Sources: SBA SOP 50 10 8 (Lender and Development Company Loan Programs); SBA Procedural Notice 5000-875701 (Sunset of SBSS Score for 7(a) Small Loans); SBA Procedural Notice 5000-876626 (Revised Applicant Ownership, Citizenship, and Residency Requirements); SBA announcement, “SBA Doubles Cumulative 7(a) and 504 Loan Limit to $10 Million” (May 18, 2026); 13 CFR § 121.301 (alternative size standard). Last reviewed June 2026. This is general information, not lending or legal advice — confirm current terms with an SBA-approved lender.

Frequently Asked Questions

What credit score do I need for an SBA loan?
Most SBA 7(a) lenders require a personal FICO of 650 or higher, with preferred lenders typically wanting 680+. The SBA itself no longer mandates a specific SBSS small-business score for loans of $350,000 or less as of March 1, 2026. SBA microloans have no published minimum — each intermediary sets its own threshold, and some approve borrowers with thin credit histories.
How long does a business need to be open to get an SBA loan?
There is no hard minimum for most SBA programs, but in practice nearly all banks want at least 2 years of operating history and tax returns. SBA 504 loans for new businesses (under 2 years) are permitted but require a higher equity injection (15–20% vs. 10%). Microloans are the most startup-friendly — intermediary lenders often work with businesses under a year old.
What is the DSCR requirement for an SBA loan?
Under SOP 50 10 8, a 7(a) Small Loan of $350,000 or less must show a debt service coverage ratio of at least 1.10x, measured on a historical and/or projected cash-flow basis. For standard 7(a) loans above $350,000 the SBA sets no single DSCR floor — the lender underwrites it, and most want 1.15x to 1.25x or higher. DSCR is net operating income divided by total annual debt service on all existing and proposed debt.

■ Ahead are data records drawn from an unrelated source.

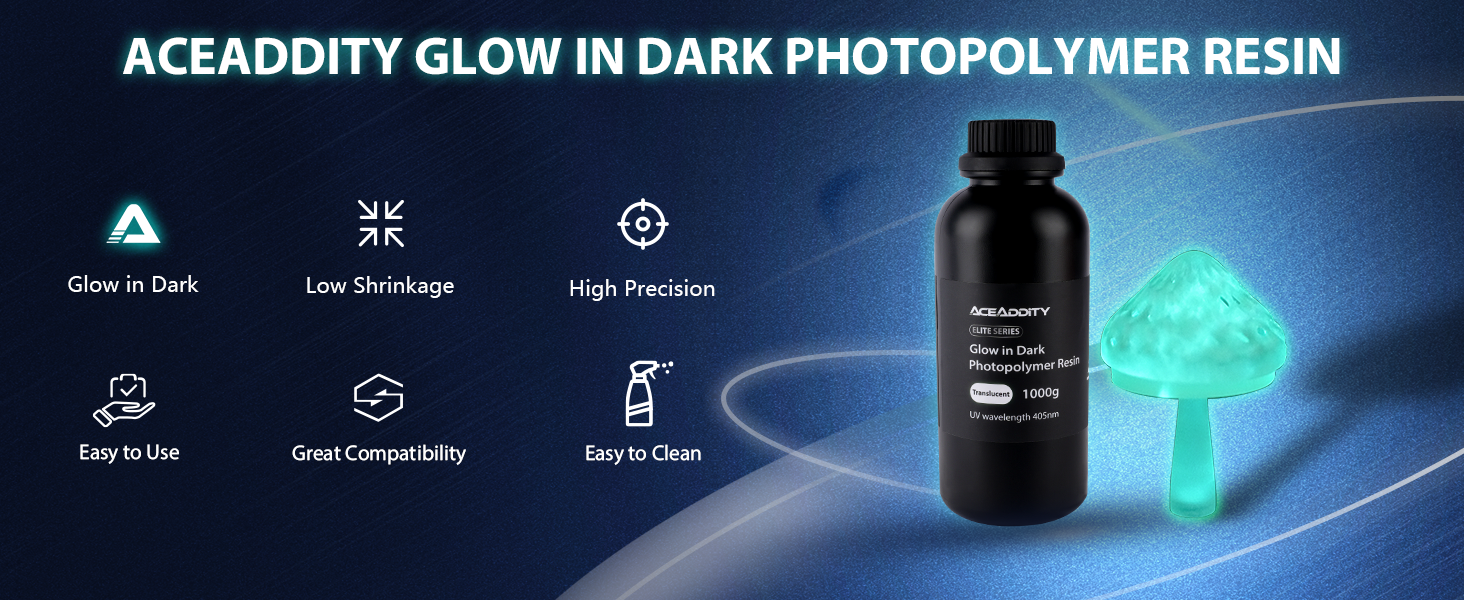 Aceaddity Translucent Glow In Dark Resin Compatible with Most 3D Printers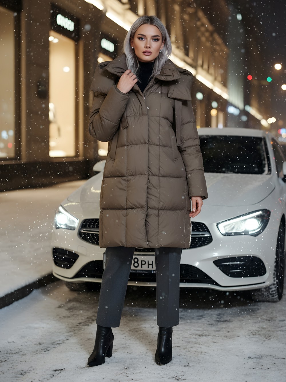 Надёжно защищает от холода, ветра и осадков. Идеален для зимней погоды, не требует головного убора.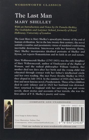 The Last Man is Mary Shelley's apocalyptic fantasy of the end of human civilisation. Set in the late twenty-first century, the novel unfolds a sombre and pessimistic vision of mankind confronting inevitable destruction. Interwoven with her futuristic theme, Mary Shelley incorporates idealised portraits of Shelley and Byron, yet rejects Romanticism and its faith in art and nature.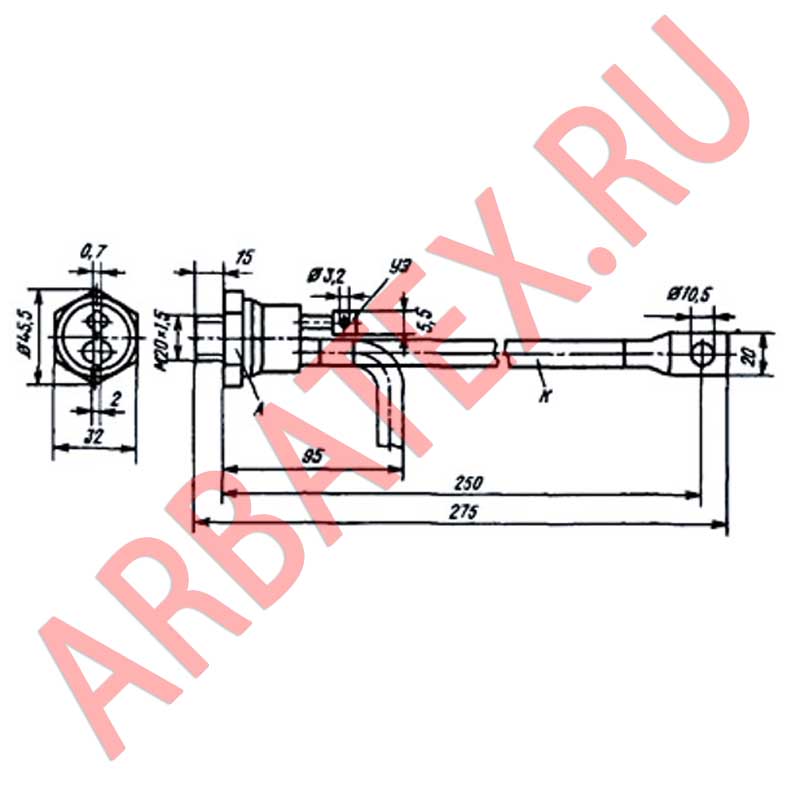 Т100-11 - низкочастотный тиристор штыревого исполнения.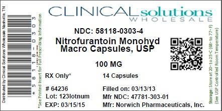 The following 5 images provide visual information about the product associated with Nitrofurantoin Monohydrate/ Macrocrystalline NDC 58118-0303 by Clinical Solutions Wholesale, such as packaging, labeling, and the appearance of the drug itself. This resource could be helpful for medical professionals, pharmacists, and patients seeking to verify medication information and ensure they have the correct product.

Do SBA loans require collateral?
Under SOP 50 10 8 (effective June 2025), loans of $50,000 or less require no collateral. For loans over $50,000, the lender must take a first lien on the assets being financed and on other available business assets; if the loan is not fully secured — common when most proceeds go to working capital — the lender must also lien available equity in the personal real estate of any owner holding 20% or more, until the loan is secured. The SBA still directs that a loan should not be declined solely because collateral is insufficient if it is otherwise creditworthy.
What changed in SBA loan rules in 2026?
Three changes hit SBA lending in 2026: (1) On March 1, 2026, the mandatory SBSS credit-score screen was eliminated for 7(a) loans of $350,000 or less. (2) On March 1, 2026, citizenship rules tightened — every direct and indirect owner of a 7(a) or 504 applicant must now be a U.S. citizen or U.S. national residing in the United States, which excludes foreign nationals and even lawful permanent residents (green-card holders). (3) The cumulative 7(a) + 504 borrowing limit is rising from $5 million to $10 million — announced May 18, 2026 and effective July 4, 2026 (not yet in effect as of June 2026).